LONDON, March 5 (Reuters) - Russian shares fell again and the rouble slipped towards record lows on Wednesday as investors remained wary about a standoff between Russia and Ukraine in Crimea.
Chinese shares fell as fears grew over a possible default by a listed company there and on Beijing’s plan to introduce deposit insurance - a move towards freeing up deposit rates - but the broader benchmark emerging equity index held up.
Ukraine’s hryvnia dropped against the dollar while sovereign dollar bonds stabilised before talks between U.S. Secretary of State John Kerry and Russian Foreign Minister Sergei Lavrov in Paris.
Russian forces remain in control of strategically important Crimea in the Black Sea peninsula.
“Investors are still nervous and still on the back foot. Putin has left all his options open,” Thu Lan Nguyen, emerging market strategist at Commerzbank in Frankfurt, said.
“Anything can happen. Investors are worried about an economic impact if the West were to decide on economic sanctions,” he said, referring to French Foreign Minister Laurent Fabius’ warning about possible EU sanctions on Russia.
The rouble-denominated MICEX index was down 1.5 percent while the dollar-denominated RTS lost 1.6 percent. Both indexes plunged as much as 12 percent on Monday, before recovering somewhat on Tuesday.
The rouble was down about 0.2 percent versus the dollar and the euro , having fallen to record euro lows on Monday.
The central bank said it had spent the equivalent of $11.4 billion - more than 2 percent of its foreign currency reserves - on Monday supporting the rouble.
Russia has relatively little foreign debt but the balance of payments position is deteriorating because of capital outflows and falling oil revenues.
The hryvnia was trading at 9.15 per dollar, having fallen as low as 11.7 on Monday.
Chinese shares fell 0.9 percent while the yuan slipped 0.25 percent against the dollar, having suffered its biggest weekly drop since 1994 last week.
In what would be the country’s first domestic bond default, loss-making Chinese solar equipment producer Chaori Solar said it will not be able to meet interest payments on bonds due on Friday.
The decline in shares follows the yuan’s dramatic weakening last week after the central bank let it fall beyond the official midpoint rate.
Many thought the move was designed to set the stage for further foreign exchange reforms as China began its annual parliamentary meeting on Wednesday.
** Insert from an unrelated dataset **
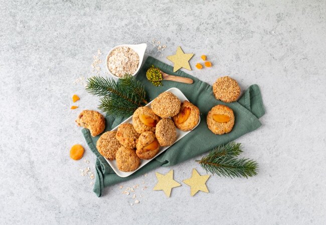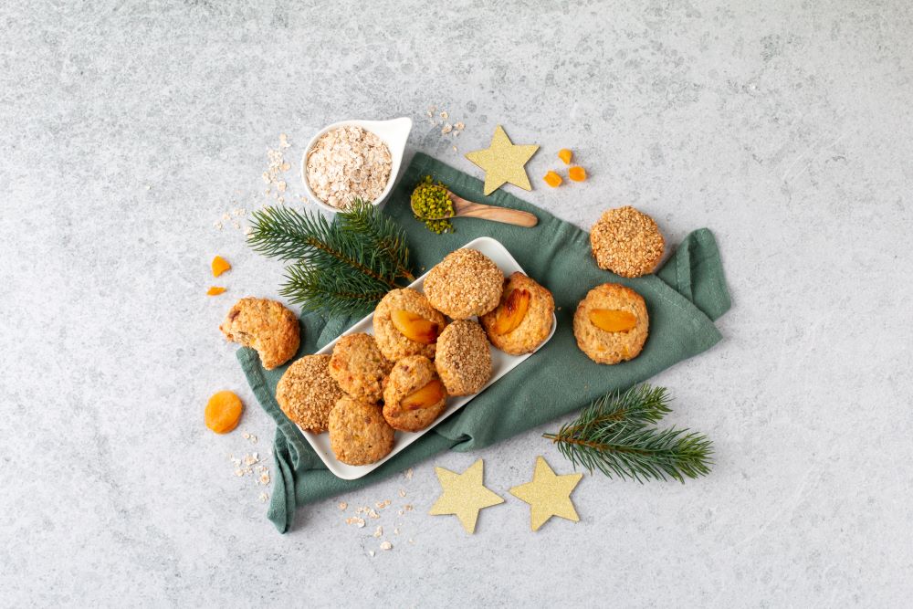 Je ca. 2 TL von dem Plätzchenteig mit den Händen erst zu Kugeln formen, dann etwas flach drücken und auf ein mit Backpapier ausgelegtes Blech setzen. Optional zuvor mit der Oberfläche in Sesam eindrücken oder alternativ mit einer halbierten getrockneten Aprikose garnieren.

Premier Li Keqiang said Beijing aims to grow the world’s second-largest economy this year by 7.5 percent, the same target as set for 2013.
“There’s a lot of uncertainty over politics there. The goal is to liberalise the FX regime and financial markets but the problem is there’s not a lot of transparency,” Nguyen said.
“A lot of people expect the yuan to appreciate but it is not a one-way street.”
The MSCI emerging index rose 0.3 percent, supported by buoyant South East Asian shares.
Qatar’s share index fell 2.3 percent after Saudi Arabia, the United Arab Emirates and Bahrain said they were withdrawing their ambassadors from Qatar because Doha had not implemented an agreement among Gulf Arab countries not to interfere in each others’ internal affairs.
The index is on track for the biggest one-day fall since March 2011.
Zambia’s kwacha currency fell as low as 5.93 per dollar as China’s economic slowdown weighs on demand for copper. Zambia is a major exporter of the metal.
The kwacha has lost more than 6 percent of its value this year.